PROVIDED DATA:
# # # #
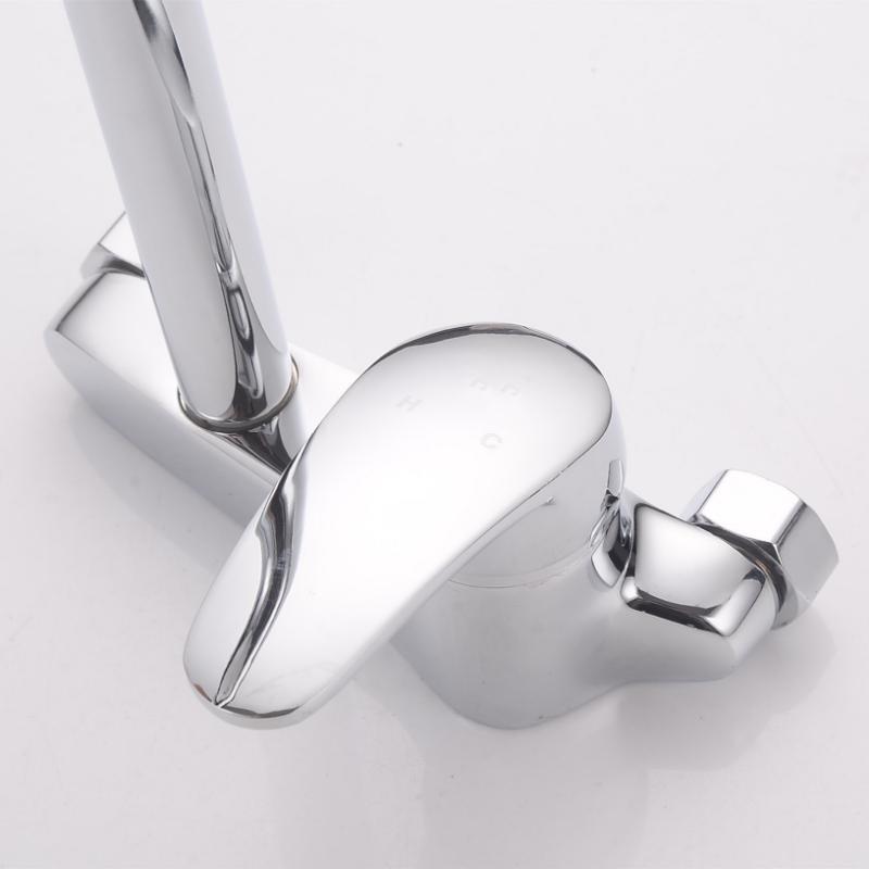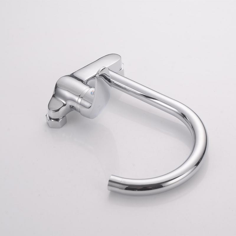 Αυτή η επιτοίχια αναμεικτική μπαταρία νεροχύτη κουζίνας διαθέτει κομψό και μοντέρνο σχεδιασμό που ταιριάζει εύκολα σε κάθε τύπο κουζίνας, προσφέροντας πρακτικότητα και αισθητική ισορροπία στον χώρο.
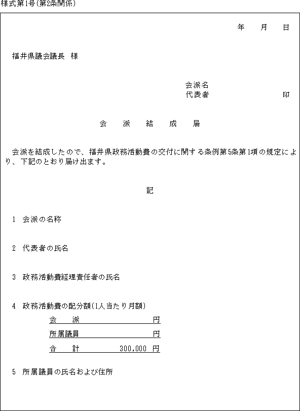 第2条 条例第5条第1項の規定による届出は、会派結成届(様式第1号)によりするものとする。
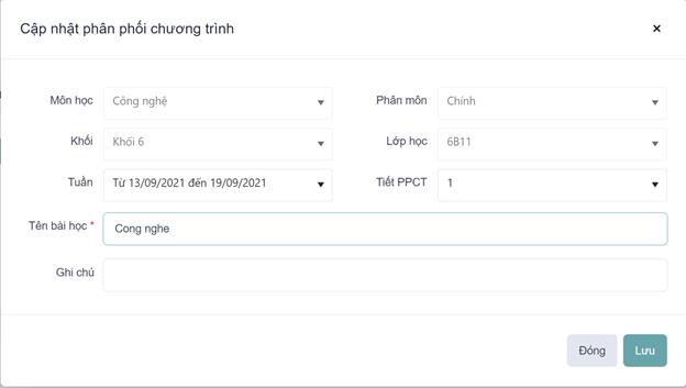 Bước 3: Hiển thị ra màn hình cập nhập phân phối chương trình
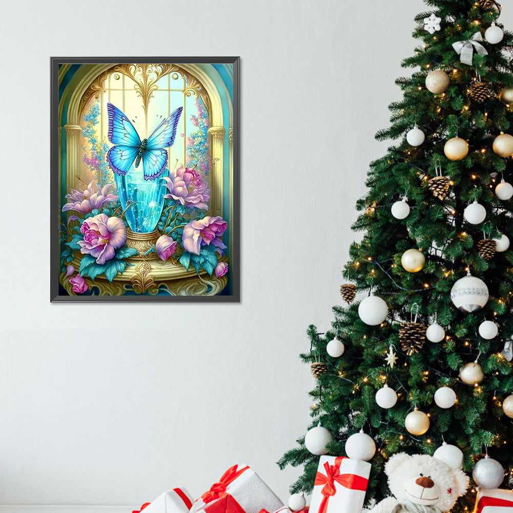 Blue Butterfly Crystal Glass 30*40CM(Canvas) Full Round Drill Diamond Painting
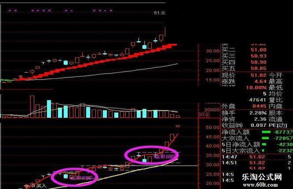DRAWTEXT(VAR5>=1,L,'金股回踩'),COLORMAGENTA;
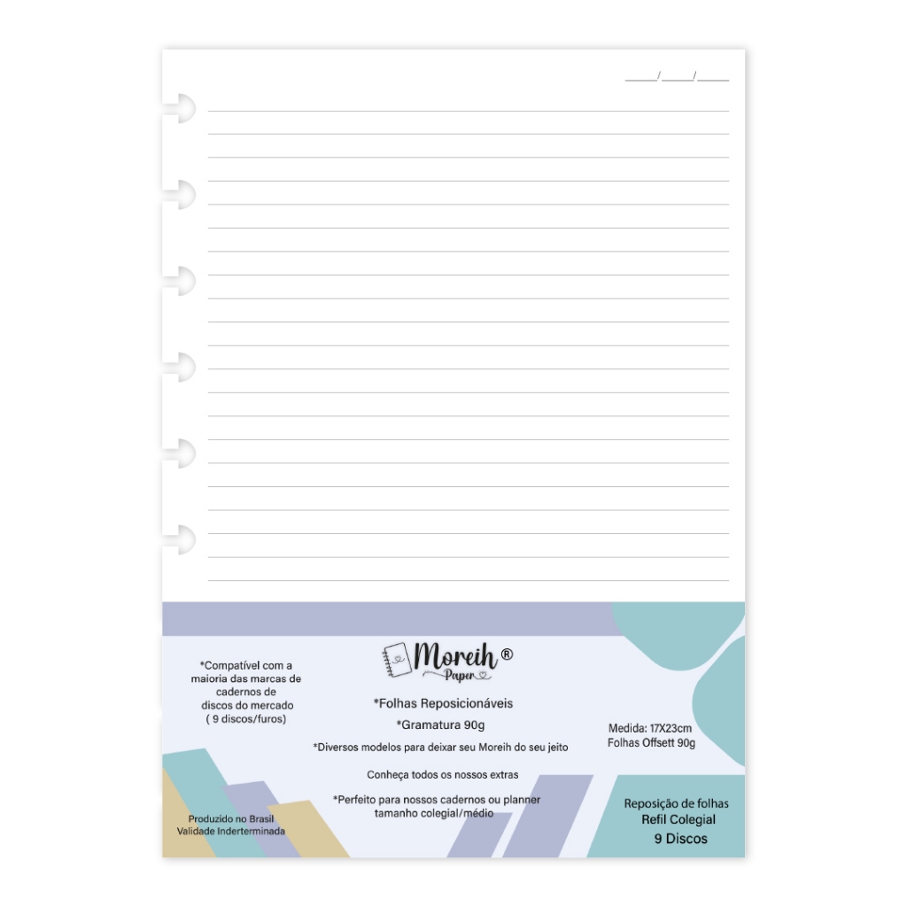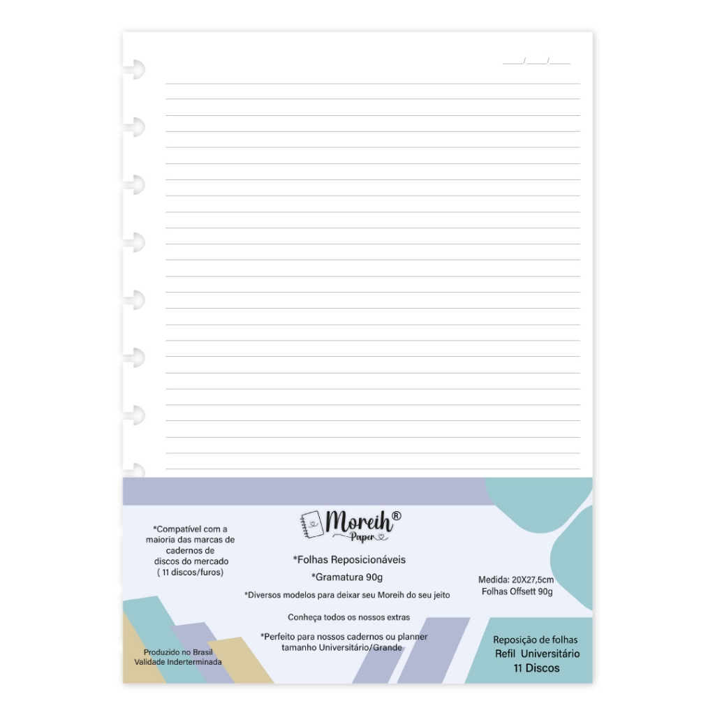 MIOLO REFIL PARA CADERNO DE DISCOS 50 FOLHAS - Pautado/linhas
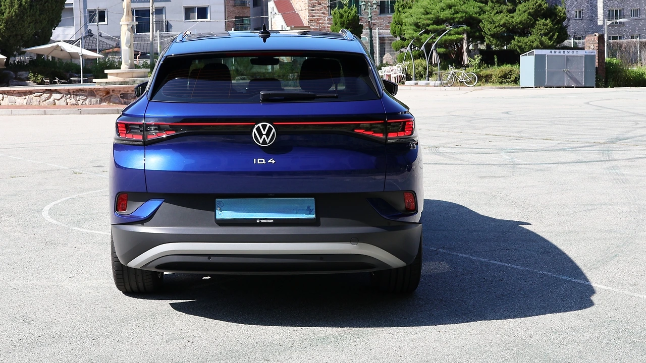 휠 사이즈는 20인치다. 은색 전면 가공 패턴은 필러 스트립과 조화를 이루는 모습이다. 개인적으로 ID4는 후면 디자인이 가장 매력적이다. 앞서 언급한 공격적인 C필러 형상과 함께, 리어 윈드 실드가 슬림 하게 배치된다. 바로 하단부를 장식하는 3D LED 리어램프는 미래지향적인 감성을 더하며, 테일게이트에 강한 볼륨을 더해 입체감을 살려내기도 한다. 마찬가지로 동급 SUV에 비해서는 리어 오버행도 짧은 편이다. 대신 넘버 플레이트나 리플렉터, 그리고 은색 언더바디 가니시 등 디자인 요소들을 넓게 배치하여 시선을 분산시켰다.
# # # #
YOUR OBJECTIVE: Beginning with the line holding "第2条 条例第5条第1項の規", copy each line exactly through the end of the records above, and leave every picture out.

ANSWER FOR THIS EXERCISE:
 第2条 条例第5条第1項の規定による届出は、会派結成届(様式第1号)によりするものとする。
 Bước 3: Hiển thị ra màn hình cập nhập phân phối chương trình
 Blue Butterfly Crystal Glass 30*40CM(Canvas) Full Round Drill Diamond Painting
DRAWTEXT(VAR5>=1,L,'金股回踩'),COLORMAGENTA;
 MIOLO REFIL PARA CADERNO DE DISCOS 50 FOLHAS - Pautado/linhas
 휠 사이즈는 20인치다. 은색 전면 가공 패턴은 필러 스트립과 조화를 이루는 모습이다. 개인적으로 ID4는 후면 디자인이 가장 매력적이다. 앞서 언급한 공격적인 C필러 형상과 함께, 리어 윈드 실드가 슬림 하게 배치된다. 바로 하단부를 장식하는 3D LED 리어램프는 미래지향적인 감성을 더하며, 테일게이트에 강한 볼륨을 더해 입체감을 살려내기도 한다. 마찬가지로 동급 SUV에 비해서는 리어 오버행도 짧은 편이다. 대신 넘버 플레이트나 리플렉터, 그리고 은색 언더바디 가니시 등 디자인 요소들을 넓게 배치하여 시선을 분산시켰다.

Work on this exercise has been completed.